At BMOIL, when my withdrawal amount is posted in my account, the withdrawal date shown is that final date. However, I can withdraw any time prior to that date. I withdraw the full amount in January - usually in-kind shares plus some cash in C$ and US$. If I wanted to split the withdrawals, I could and would have to advise them of the schedule. 

It's been a while since my wife & I converted from RRSPs. We had however already opened small RRIF accounts several years earlier (so withdrawals would be considered pension income) . You can do that prior to when you are 71. Not sure, but our RRSP holdings may have just been moved into the existing RRIFs. I suppose we did fill in some forms at some point If so, they would likely have been obtained off the BMOIL site. No need to go to a branch, but I think we did just to make use of the interbank courier service!

As said above. Contact TDDI. Are they really that busy? I have been able to talk to BMOIL after acceptable wait time.
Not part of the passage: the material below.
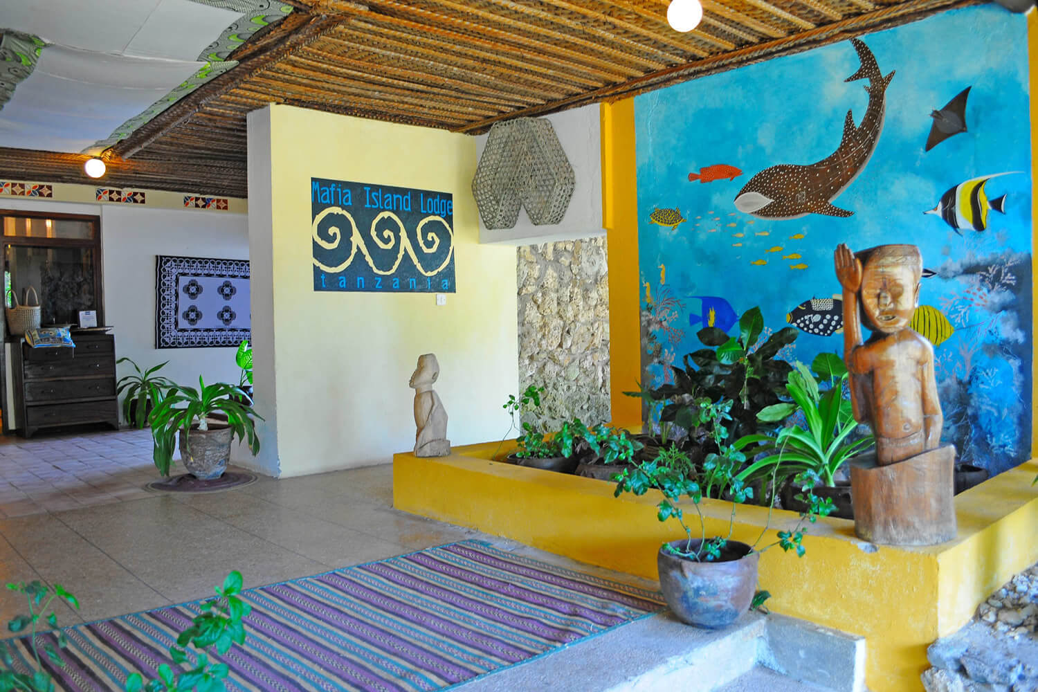 Mafia Island has wide-ranging beach accommodation, from Chole Mjini’s tree-house experience, Eco-Shamba Kilole Lodge, Butiama beach Hotel, Meremeta Bungalow Lodge, Kinasi Lodge’s stone walled cottages, Pole Pole’s rusting bungalow suites to Mafia Island Lodge’s values guest rooms
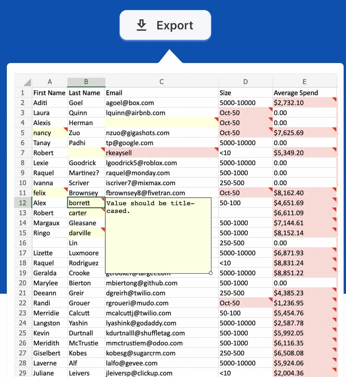 Error handling: After error detection comes error fixing. Some errors are easy to fix, like capitalization. Some are more difficult, like interpolating missing values - should you use mean, median, mode, percentiles? The user experience is important as well. OneSchema can apply hot fixes in bulk and navigate & filter errors. Sometimes, select data points just don't make sense and the end user needs to corroborate with colleagues for troubleshooting. OneSchema has a neat quality-of-life feature that allows exporting the data to an Excel file with errors highlighted and annotated. In large data files, this is a life saver. Imagine having to annotate hundreds to thousands of cells.

But don't see that it is that urgent to do that right now.


----------



## AltaRed (Jun 8, 2009)

I do believe latest withdrawal dates are either Dec 1st or 15th, but one has to check with their own brokerage.

Likewise, my understanding is ANY brokerage allows a withdrawal at any time before the scheduled annual withdrawal date but I don't know if they then need to be told NOT to do another minimum annual withdrawal on the scheduled date. My understanding is it is the brokerage's computers that do the scheduled withdrawal, so a human would have to intervene to cancel or modify it for that year.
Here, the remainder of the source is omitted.